Arlene Conn, PHADA Policy Analyst
In August of 2018, HUD began to plan a series of events to address problems with landlord participation in the Housing Choice Voucher (HCV) Program. Participation has a serious impact on the ability of program participants to find homes in the private rental market utilizing their vouchers. This was partly a result of HUD learning that the number of landlords participating in the program declined by 62,000, from 704,000 to 642,000 between 2009 to 2016.
HUD also commissioned two studies from the Urban Institute and Johns Hopkins to examine varying voucher acceptance and denial rates by property owners in selected cities as well as the reasons for low landlord participation rates in the HCV program nationwide.

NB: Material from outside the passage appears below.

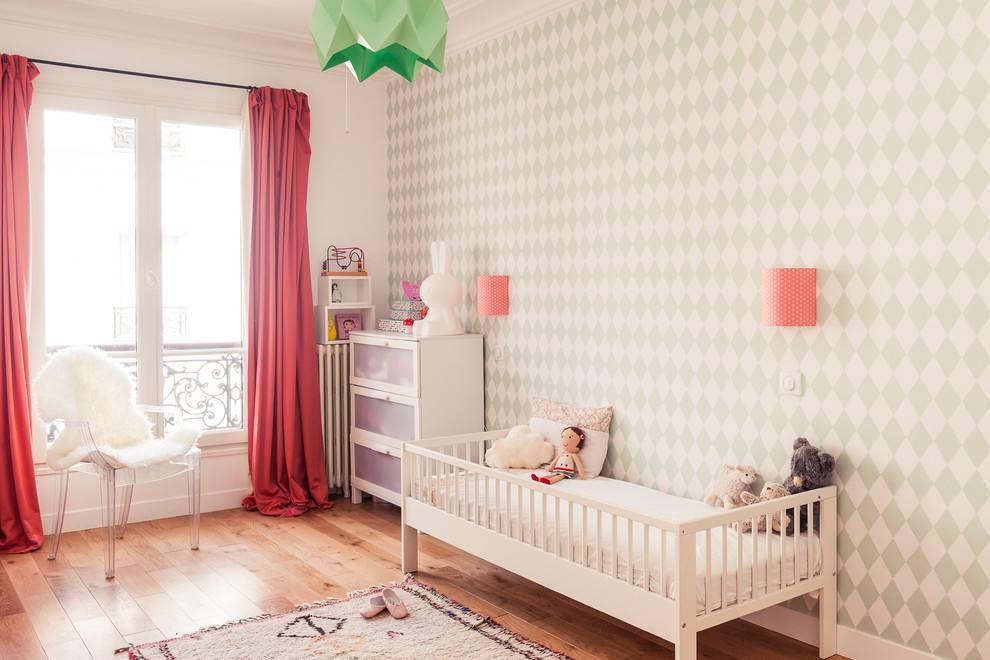 С помощью рисунка на обоях можно скорректировать размеры комнаты, сделать последнюю более уютной. В частности, вертикальный контрастный орнамент приподнимет потолок, а горизонтальный, наоборот, опустит, что может пригодиться в помещении с большой высотой, в котором малышка будет чувствовать себя неуютно.
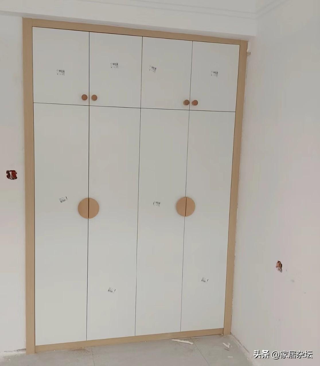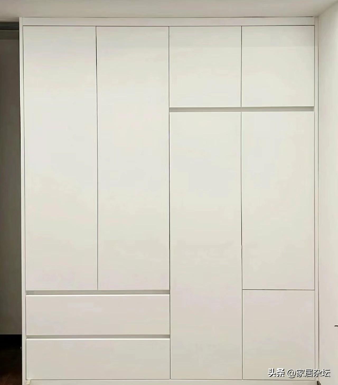 ①、如果選擇普通的人造板材,儘量不要選擇一門到頂衣櫃。因爲一門到頂的櫃子,即使安裝了拉直器,時間長了,還可能會出現變形而導致櫃門關不上。

Consequently, HUD Secretary Ben Carson established HUD’s Landlord Task Force and announced seven listening sessions across the country to hear directly from landlords on ways to increase their participation in the program. HUD just released its summary of these listening sessions conducted from September through October of 2018 in the following cities: Washington, DC, Atlanta, Dallas/Fort Worth, Philadelphia, Los Angeles, Salem (OR), and Salt Lake City. On the positive side, HUD found that landlords who participate in the HCV program were motivated by wanting to help people, positive experiences with HCV tenants and HAs, receiving a stable, reliable source of rental income, and longer-term tenancies. On the negative side, major concerns cited by landlords included a perceived lack of support from HA staff, delays in the move-in and inspection processes, tenant damages and inadequate SAFMRs and FMRs.